- [What to do]: When you reach the line below that has "C’est encore plus", start returning lines exactly, and stop after the line that has "El Alcalde Enrique"; skip the pictures.

- [Records shown]:
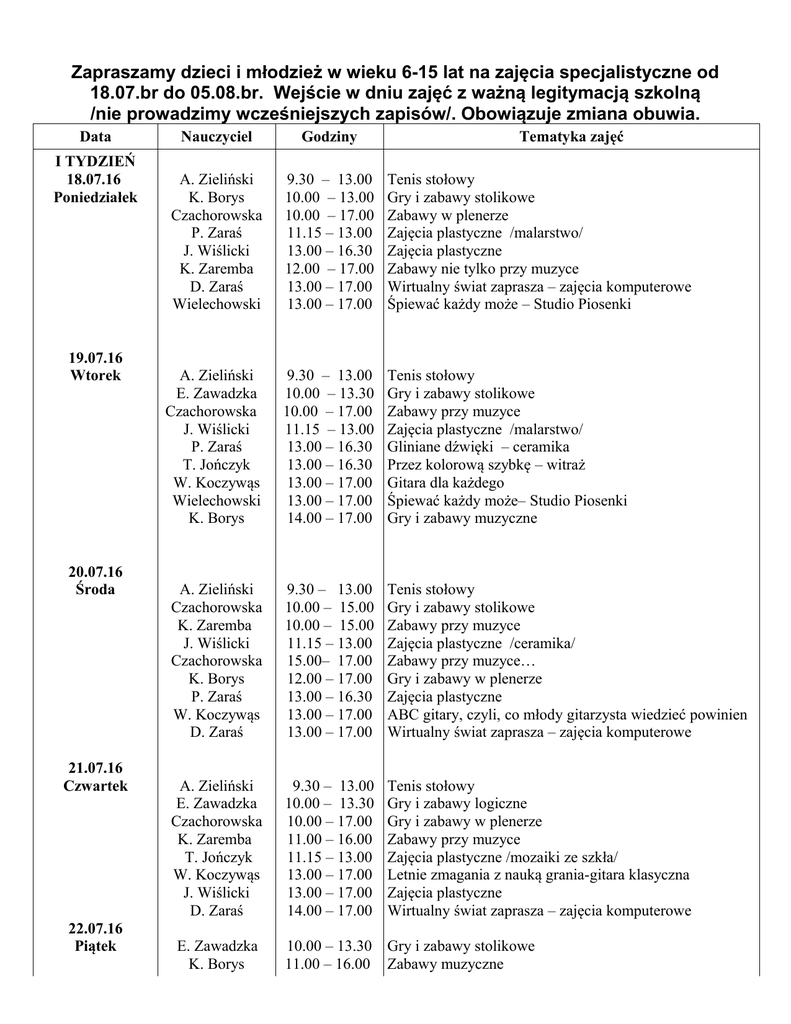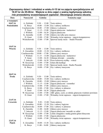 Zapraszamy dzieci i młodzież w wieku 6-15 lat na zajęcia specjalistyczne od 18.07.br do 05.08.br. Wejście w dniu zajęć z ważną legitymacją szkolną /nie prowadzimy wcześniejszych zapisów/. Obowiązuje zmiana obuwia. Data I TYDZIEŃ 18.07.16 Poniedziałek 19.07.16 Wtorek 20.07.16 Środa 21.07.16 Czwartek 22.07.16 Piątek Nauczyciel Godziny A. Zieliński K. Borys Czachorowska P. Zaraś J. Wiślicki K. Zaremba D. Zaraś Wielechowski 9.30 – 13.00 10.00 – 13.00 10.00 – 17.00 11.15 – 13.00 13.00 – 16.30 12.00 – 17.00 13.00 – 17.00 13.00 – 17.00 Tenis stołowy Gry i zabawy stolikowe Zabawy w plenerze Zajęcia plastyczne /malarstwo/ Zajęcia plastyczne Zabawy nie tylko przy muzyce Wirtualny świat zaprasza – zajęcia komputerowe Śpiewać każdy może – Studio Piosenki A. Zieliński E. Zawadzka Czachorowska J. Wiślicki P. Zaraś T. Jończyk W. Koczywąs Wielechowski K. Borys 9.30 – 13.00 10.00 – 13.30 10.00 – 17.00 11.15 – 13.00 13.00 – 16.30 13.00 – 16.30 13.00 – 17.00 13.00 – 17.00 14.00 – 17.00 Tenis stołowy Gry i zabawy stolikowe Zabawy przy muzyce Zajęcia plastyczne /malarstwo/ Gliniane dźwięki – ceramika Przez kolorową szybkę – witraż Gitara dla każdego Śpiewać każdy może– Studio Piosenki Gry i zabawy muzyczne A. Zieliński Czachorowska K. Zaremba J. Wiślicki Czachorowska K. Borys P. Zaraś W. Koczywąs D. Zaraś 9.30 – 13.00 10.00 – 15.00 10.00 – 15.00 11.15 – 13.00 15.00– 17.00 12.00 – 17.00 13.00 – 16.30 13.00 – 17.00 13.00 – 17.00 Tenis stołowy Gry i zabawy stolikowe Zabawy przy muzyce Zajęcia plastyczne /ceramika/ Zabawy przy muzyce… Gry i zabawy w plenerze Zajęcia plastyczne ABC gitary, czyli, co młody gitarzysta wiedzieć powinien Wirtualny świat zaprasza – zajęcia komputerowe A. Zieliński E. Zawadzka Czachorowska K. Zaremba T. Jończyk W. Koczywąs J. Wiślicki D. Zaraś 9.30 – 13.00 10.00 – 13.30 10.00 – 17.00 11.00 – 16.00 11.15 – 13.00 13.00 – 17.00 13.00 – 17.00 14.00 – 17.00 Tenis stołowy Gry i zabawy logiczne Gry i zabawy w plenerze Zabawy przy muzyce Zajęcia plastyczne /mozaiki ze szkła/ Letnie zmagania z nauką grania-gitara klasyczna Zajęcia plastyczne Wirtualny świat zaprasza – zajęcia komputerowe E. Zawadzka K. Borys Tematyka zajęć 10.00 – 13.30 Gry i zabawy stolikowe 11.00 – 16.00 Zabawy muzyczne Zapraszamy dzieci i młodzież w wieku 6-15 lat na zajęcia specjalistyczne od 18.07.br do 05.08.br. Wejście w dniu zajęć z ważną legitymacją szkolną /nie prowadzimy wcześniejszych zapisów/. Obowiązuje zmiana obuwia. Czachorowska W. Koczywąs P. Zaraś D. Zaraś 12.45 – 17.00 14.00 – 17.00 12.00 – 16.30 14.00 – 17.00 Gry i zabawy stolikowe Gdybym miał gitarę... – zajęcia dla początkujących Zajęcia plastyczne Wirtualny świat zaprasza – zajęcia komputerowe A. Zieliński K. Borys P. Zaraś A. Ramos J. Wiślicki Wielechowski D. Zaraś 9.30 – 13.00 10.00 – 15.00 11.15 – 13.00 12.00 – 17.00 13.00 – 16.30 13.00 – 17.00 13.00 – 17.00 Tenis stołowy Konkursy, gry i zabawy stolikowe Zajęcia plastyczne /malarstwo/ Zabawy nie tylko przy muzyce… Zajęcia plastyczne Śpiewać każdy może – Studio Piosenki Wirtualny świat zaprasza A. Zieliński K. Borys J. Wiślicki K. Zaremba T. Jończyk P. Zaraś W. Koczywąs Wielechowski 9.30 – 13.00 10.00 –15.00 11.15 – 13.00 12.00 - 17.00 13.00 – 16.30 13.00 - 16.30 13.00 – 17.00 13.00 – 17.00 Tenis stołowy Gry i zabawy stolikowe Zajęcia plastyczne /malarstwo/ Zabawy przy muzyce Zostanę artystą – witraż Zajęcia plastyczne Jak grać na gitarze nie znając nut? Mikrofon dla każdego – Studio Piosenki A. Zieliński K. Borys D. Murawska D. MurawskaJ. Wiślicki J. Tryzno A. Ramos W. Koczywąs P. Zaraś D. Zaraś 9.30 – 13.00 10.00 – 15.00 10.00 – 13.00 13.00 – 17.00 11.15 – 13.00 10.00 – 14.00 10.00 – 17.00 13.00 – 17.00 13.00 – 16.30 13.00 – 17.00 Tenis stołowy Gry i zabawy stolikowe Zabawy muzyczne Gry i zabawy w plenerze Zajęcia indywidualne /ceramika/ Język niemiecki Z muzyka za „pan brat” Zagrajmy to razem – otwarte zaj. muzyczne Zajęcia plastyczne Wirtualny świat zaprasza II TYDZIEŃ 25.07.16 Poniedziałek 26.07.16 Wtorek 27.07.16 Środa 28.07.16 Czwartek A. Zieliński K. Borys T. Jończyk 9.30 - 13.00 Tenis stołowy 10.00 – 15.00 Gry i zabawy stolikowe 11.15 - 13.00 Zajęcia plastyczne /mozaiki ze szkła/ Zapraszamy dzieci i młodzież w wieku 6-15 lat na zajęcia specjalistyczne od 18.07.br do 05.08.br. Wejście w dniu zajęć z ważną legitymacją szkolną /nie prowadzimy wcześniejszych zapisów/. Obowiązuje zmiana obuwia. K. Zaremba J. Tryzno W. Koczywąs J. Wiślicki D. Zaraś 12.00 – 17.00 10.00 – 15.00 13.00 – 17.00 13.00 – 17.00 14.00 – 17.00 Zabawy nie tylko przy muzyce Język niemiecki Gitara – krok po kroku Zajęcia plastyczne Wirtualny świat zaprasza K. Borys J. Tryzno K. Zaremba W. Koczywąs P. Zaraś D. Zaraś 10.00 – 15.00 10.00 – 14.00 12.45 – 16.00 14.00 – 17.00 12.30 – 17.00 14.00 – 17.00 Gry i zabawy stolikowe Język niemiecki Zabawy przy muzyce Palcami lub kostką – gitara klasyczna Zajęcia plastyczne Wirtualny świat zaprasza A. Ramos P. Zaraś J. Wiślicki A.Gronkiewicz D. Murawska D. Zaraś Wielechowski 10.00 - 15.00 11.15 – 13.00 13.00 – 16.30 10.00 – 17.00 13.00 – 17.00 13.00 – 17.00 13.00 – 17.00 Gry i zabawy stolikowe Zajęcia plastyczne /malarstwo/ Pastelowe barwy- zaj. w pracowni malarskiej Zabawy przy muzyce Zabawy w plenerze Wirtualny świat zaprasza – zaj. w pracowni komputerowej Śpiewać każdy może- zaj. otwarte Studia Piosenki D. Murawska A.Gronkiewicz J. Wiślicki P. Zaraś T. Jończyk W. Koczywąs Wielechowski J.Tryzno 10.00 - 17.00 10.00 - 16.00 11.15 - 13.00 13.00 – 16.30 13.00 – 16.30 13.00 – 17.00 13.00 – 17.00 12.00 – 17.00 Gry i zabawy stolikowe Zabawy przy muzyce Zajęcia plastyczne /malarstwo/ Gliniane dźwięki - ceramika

...

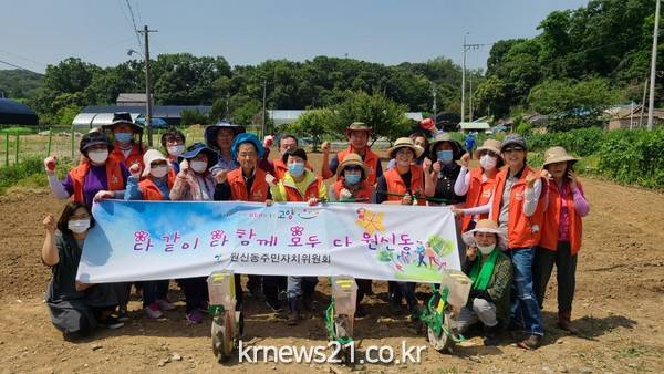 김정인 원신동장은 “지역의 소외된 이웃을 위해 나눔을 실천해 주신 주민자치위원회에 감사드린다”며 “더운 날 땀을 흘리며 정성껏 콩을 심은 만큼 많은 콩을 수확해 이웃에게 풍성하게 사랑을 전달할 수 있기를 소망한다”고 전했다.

--

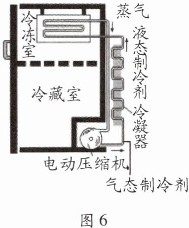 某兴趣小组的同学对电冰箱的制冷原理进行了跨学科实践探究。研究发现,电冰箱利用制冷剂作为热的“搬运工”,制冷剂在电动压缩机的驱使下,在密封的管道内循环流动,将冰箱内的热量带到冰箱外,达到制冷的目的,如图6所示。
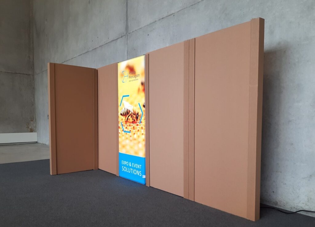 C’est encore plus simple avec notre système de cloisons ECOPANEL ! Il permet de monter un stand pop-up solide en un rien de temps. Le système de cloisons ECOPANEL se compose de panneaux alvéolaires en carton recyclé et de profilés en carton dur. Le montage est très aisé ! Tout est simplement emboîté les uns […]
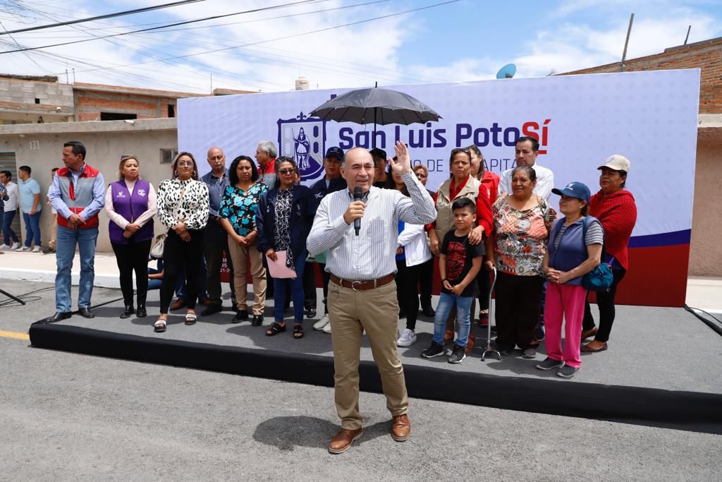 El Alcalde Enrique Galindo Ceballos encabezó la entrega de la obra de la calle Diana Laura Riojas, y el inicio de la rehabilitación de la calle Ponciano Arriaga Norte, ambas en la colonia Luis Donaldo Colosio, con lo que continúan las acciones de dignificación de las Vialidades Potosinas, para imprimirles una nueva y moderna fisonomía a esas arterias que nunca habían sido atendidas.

- [Solution for this problem]:
 C’est encore plus simple avec notre système de cloisons ECOPANEL ! Il permet de monter un stand pop-up solide en un rien de temps. Le système de cloisons ECOPANEL se compose de panneaux alvéolaires en carton recyclé et de profilés en carton dur. Le montage est très aisé ! Tout est simplement emboîté les uns […]
 El Alcalde Enrique Galindo Ceballos encabezó la entrega de la obra de la calle Diana Laura Riojas, y el inicio de la rehabilitación de la calle Ponciano Arriaga Norte, ambas en la colonia Luis Donaldo Colosio, con lo que continúan las acciones de dignificación de las Vialidades Potosinas, para imprimirles una nueva y moderna fisonomía a esas arterias que nunca habían sido atendidas.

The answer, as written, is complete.